News and Awards

Our integral genomic signature study for precision oncology published in Nature Communications

Low-cost multi-omics sequencing is expected to become clinical routine and transform precision oncology. Viable computational methods that can facilitate tailored intervention while tolerating sequencing biases are in high demand. In this study, we develop an integral genomic signature —iGenSig— approach to predict drug responses using multi-omics data from tumour samples, and validate this approach using genomic datasets from six clinical studies and clinical trials. iGenSig will provide a computational framework to empower tailored cancer therapy based on multi-omics data.

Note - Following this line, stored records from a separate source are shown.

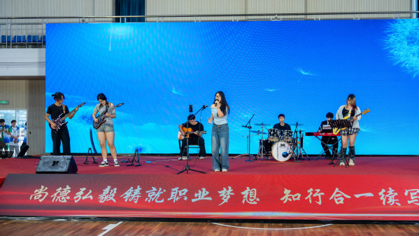 师生们以歌声传递祝福,歌曲串烧《世界赠予我的》《夜空中最亮的星》等旋律悠扬,用音符诉说成长路上的温暖与力量;压轴登场的《祝你一路顺风》充满希望,在悠扬的旋律中凝聚着对毕业生的真挚祝愿,为盛典增添温馨动人的色彩。
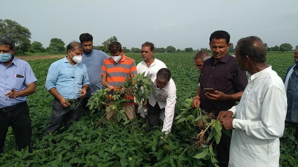 जिले में वर्तमान में सोयाबीन की फसल में तने की मक्खी, सेमीलूपर, तंबाकू की इल्ली, चने की इल्ली एवं रोगों का प्रकोप होने संबंधी जानकारी प्राप्त हो रही है, जिसको ध्यान में रखते हुए कृषि विज्ञान केन्द्र के प्रधान वैज्ञानिक एवं प्रमुख डॉ. ए.के.दीक्षित के दिशा-निर्देश व मार्गदर्शन में केन्द्र के वैज्ञानिकों के साथ कृषि विभाग के अधिकारियों की डायग्नोस्टिक टीम द्वारा विकासखण्ड टोंकखुर्द के चौबाराधीरा, मुंडला दांगी, इकलेरा माताजी, इलासखेड़ी, धूतखेड़ा, किंदूरिया, कल्लूखेड़ी, चौबारा, भूतिया एवं सोनकच्छ विकासखण्ड के नराना, अरनिया, खटम्बा, जामगोद ग्रामों के कृषकों के खेतों में सोयाबीन फसल का निरीक्षण किया।
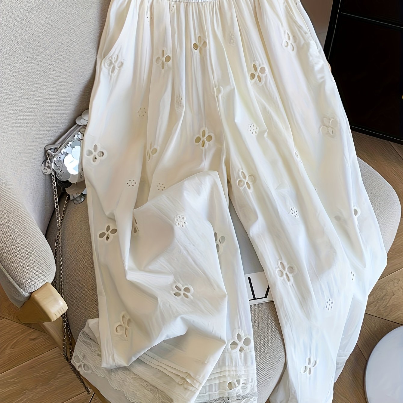 TEMU 신상 투명 자수 안감 사이드 포켓 레이스 스플라이싱 캐주얼 바지, 아웃도어 여행 및 홈 레저 여성 패션 롱 팬츠
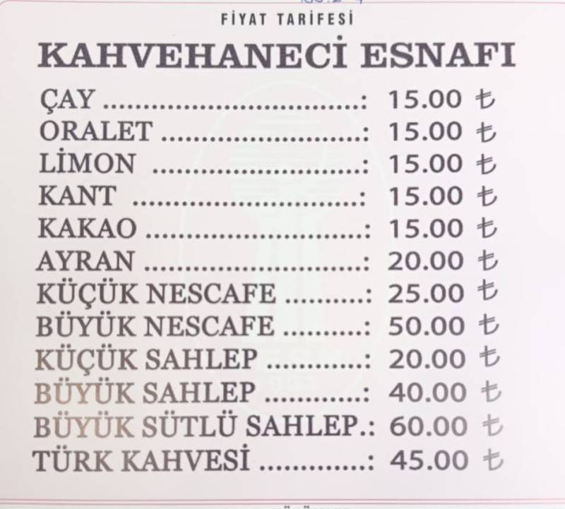 Belirlenen yeni fiyat tarifesi bugün itibarıyla yürürlüğe girdi. İlçe genelindeki çay ocakları ve kıraathanelerde güncel fiyat listesinin uygulanmaya başlandığı bildirildi.
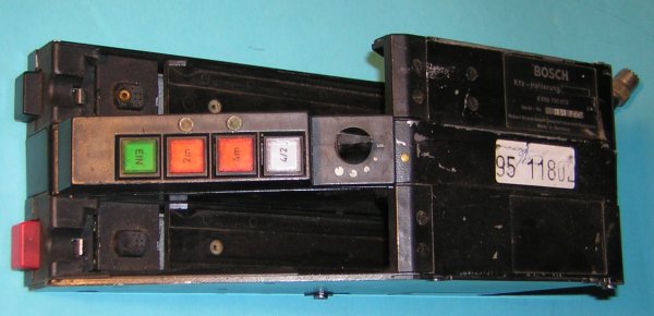 dass sieht wie der Funkcontainer eines GruKw (BePo bzw. BuPol, Mercedes Benz 614 bzw. größer) aus. Der Befand sich zwischen Fahrer und Beifahrersitz und nahm grundsätlich ein 4m-KFZ-Gerät sowie wahlweise eine Bosch-Aktivhalterung (für 2m-HFG) oder ein 2m-KFZ-Gerät auf.
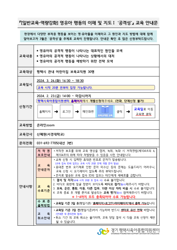 첨부파일 파일 [일반교육] 2024. 3. 26. 영유아 행동의 이해 및 지도 - 공격성 안내문_1.png
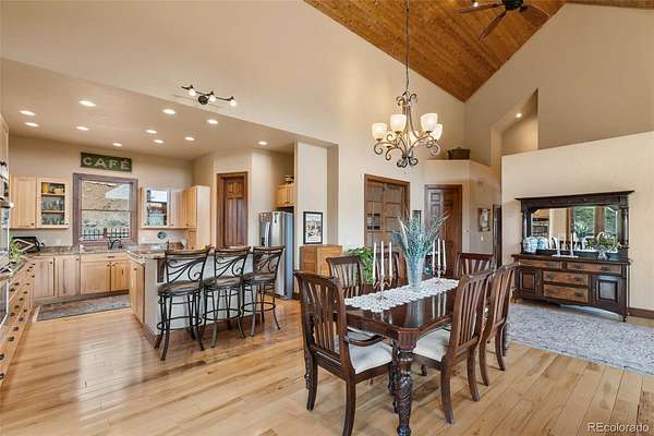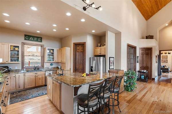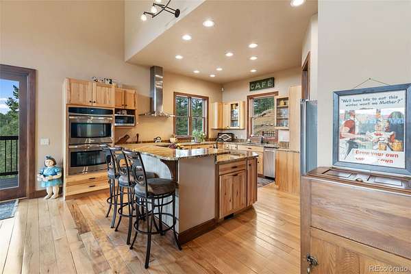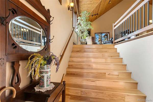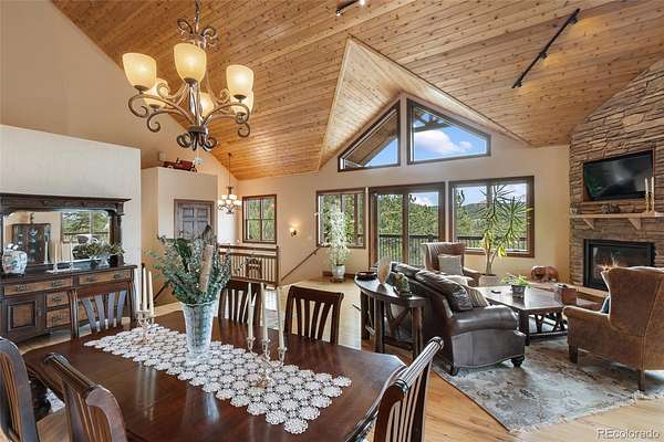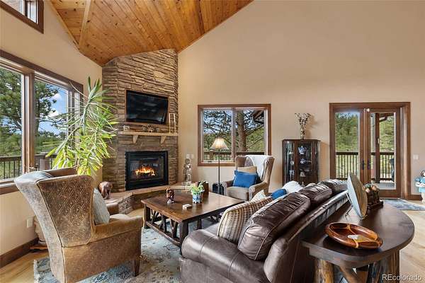 This extraordinary Woodland Park estate redefines mountain luxury, beginning with a private, gated drive that gracefully winds through professionally designed, rock-accented landscaping, setting a tone of exclusivity and serenity from the moment you arrive.
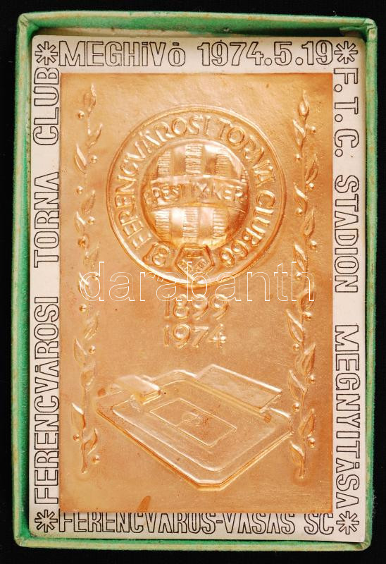 1974 FTC pályaavató mérkőzésére készített díszplakett eredeti díszdobo... https://www.darabanth.com/de/189-Fernauktion/189.0/Andere-Sammelgebiete/Flohmarkt~4000131/1974-FTC-palyaavato-merkozesere-keszitett-diszplakett-eredeti-diszdobozban-10x15-cm~II706173
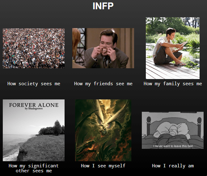 The INFP is most prone to naval-gazing out of any Myers Briggs type. It is not good at getting things done. Not at all. The INFP and the (somewhat similar) INTP has the highest scores of career dissatisfaction out of all 16 types. It has outright bad task execution, and is very idealistic.
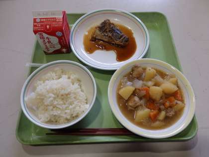 5月15日(木)今日の給食は,麦ごはん・牛乳・さばのしょうが煮・鶏肉とヤシの煮つけです。7〜9年生には,ヨーグルトもつきました。
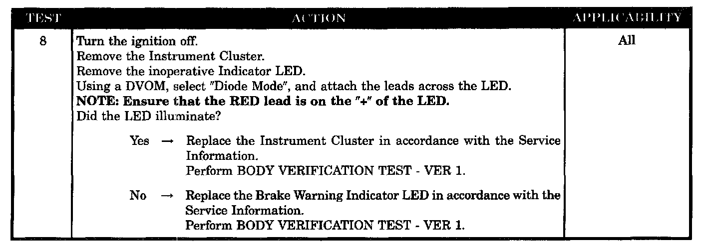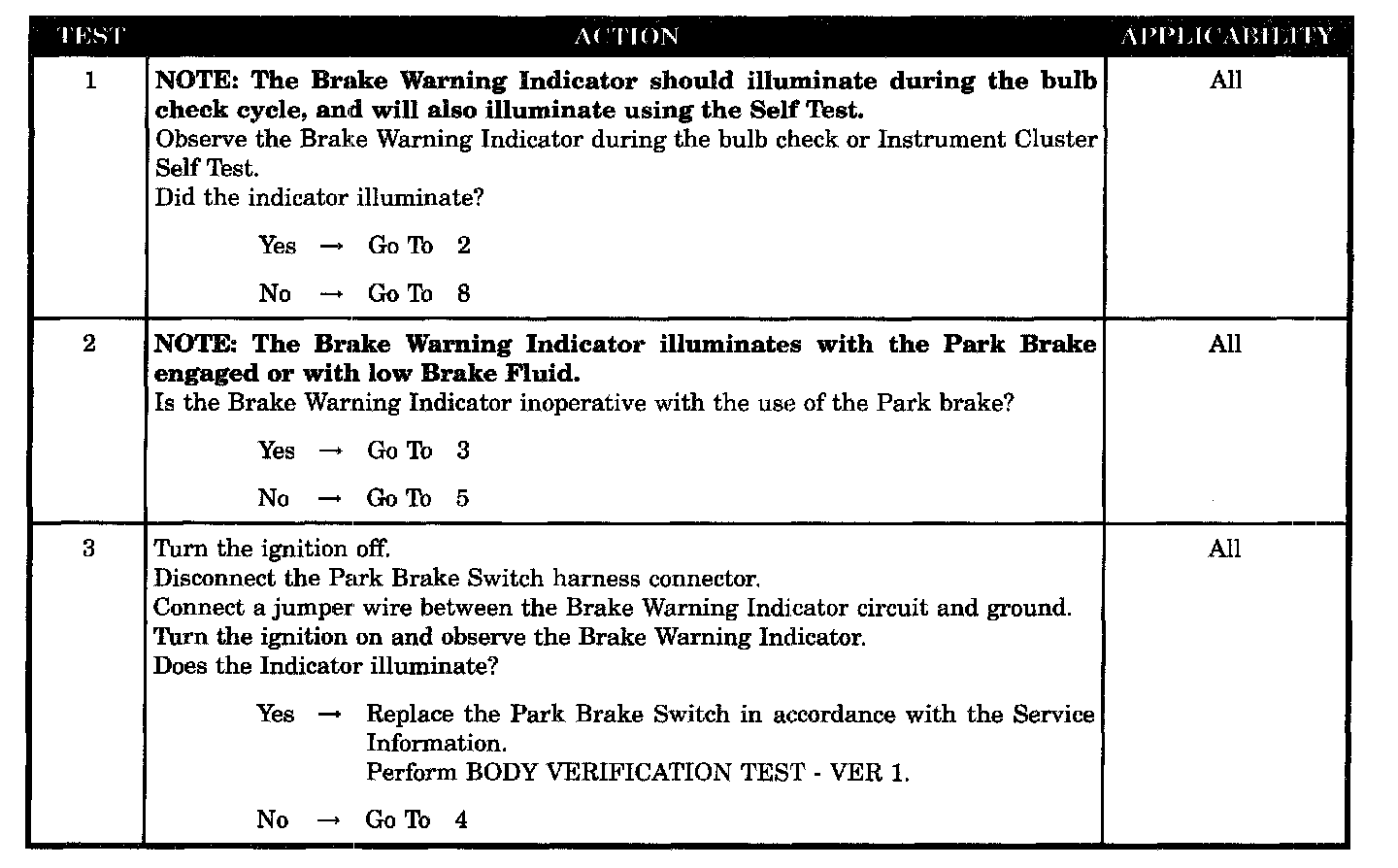 BRAKE WARNING INDICATOR INOPERATIVE
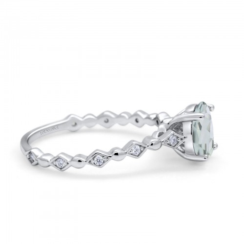 14K White Gold 1.29ct Oval Natural Green Amethyst G SI Diamond Engagement Ring Size 6.5
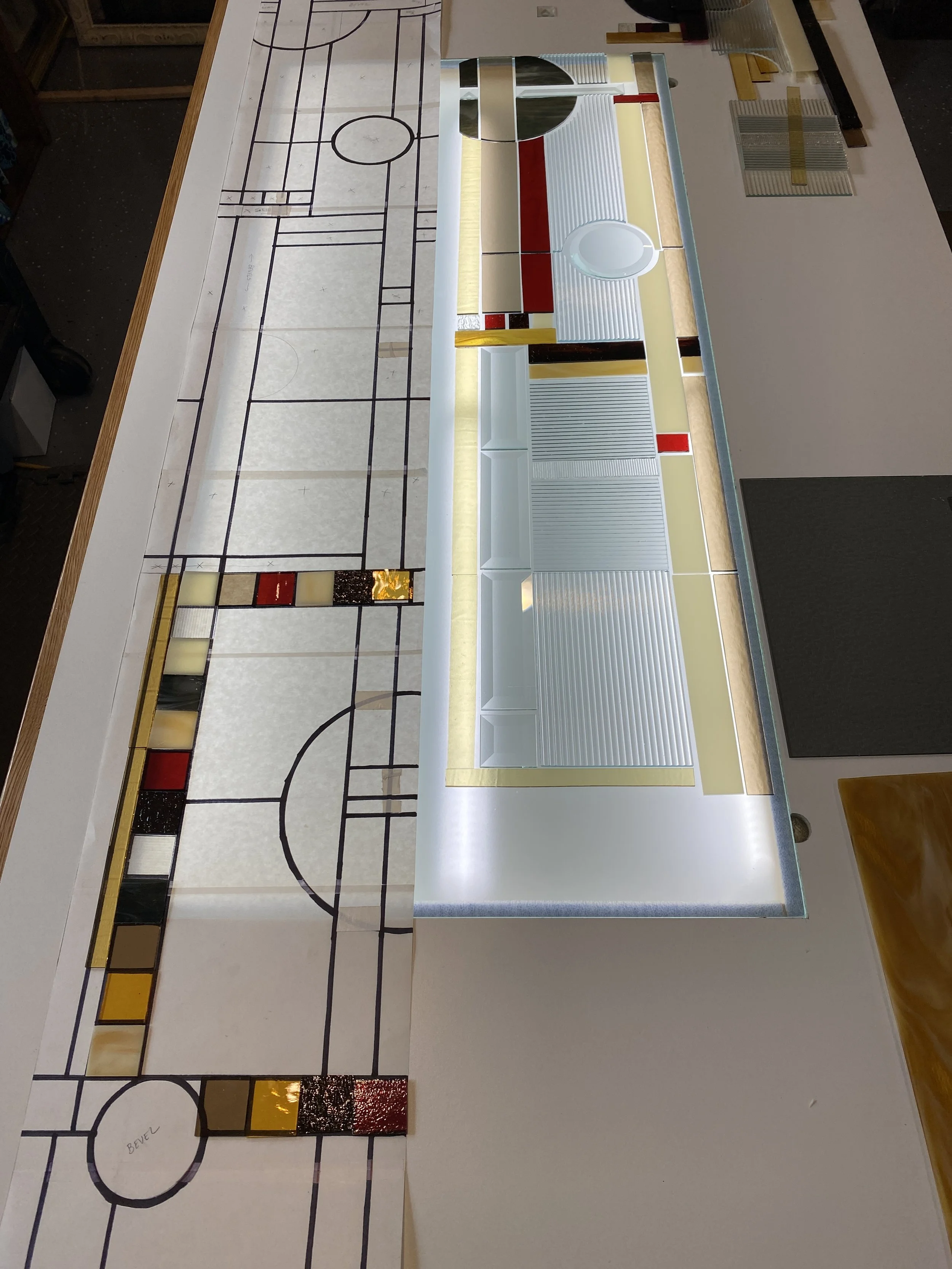 Test pieces were created to determine color choices and whether to go with leaded vs no-lead.

Schematic showing the principle and key features of iGenSig modeling: i) the iGenSig approach intentionally retains and creates redundant genomic features, a concept like the use of redundant steel rods to reinforce the pillars of a building. ii) iGenSig modeling utilizes the average correlation intensities of significant genomic features detected in specific samples to diminish the effect of false positive detection resulting from sequencing errors and prevent overweighing. iii) iGenSig modeling extract the second genomic information from unlabeled genomic datasets for large cohorts of human cancers, in addition to the labeled genomic datasets of drug sensitivity, which will substantially improve its cross-dataset applicability, particularly on clinical trial datasets. iv) iGenSig modeling is a white box approach, thus will be more interpretable and controllable than machine learning or deep learning approaches.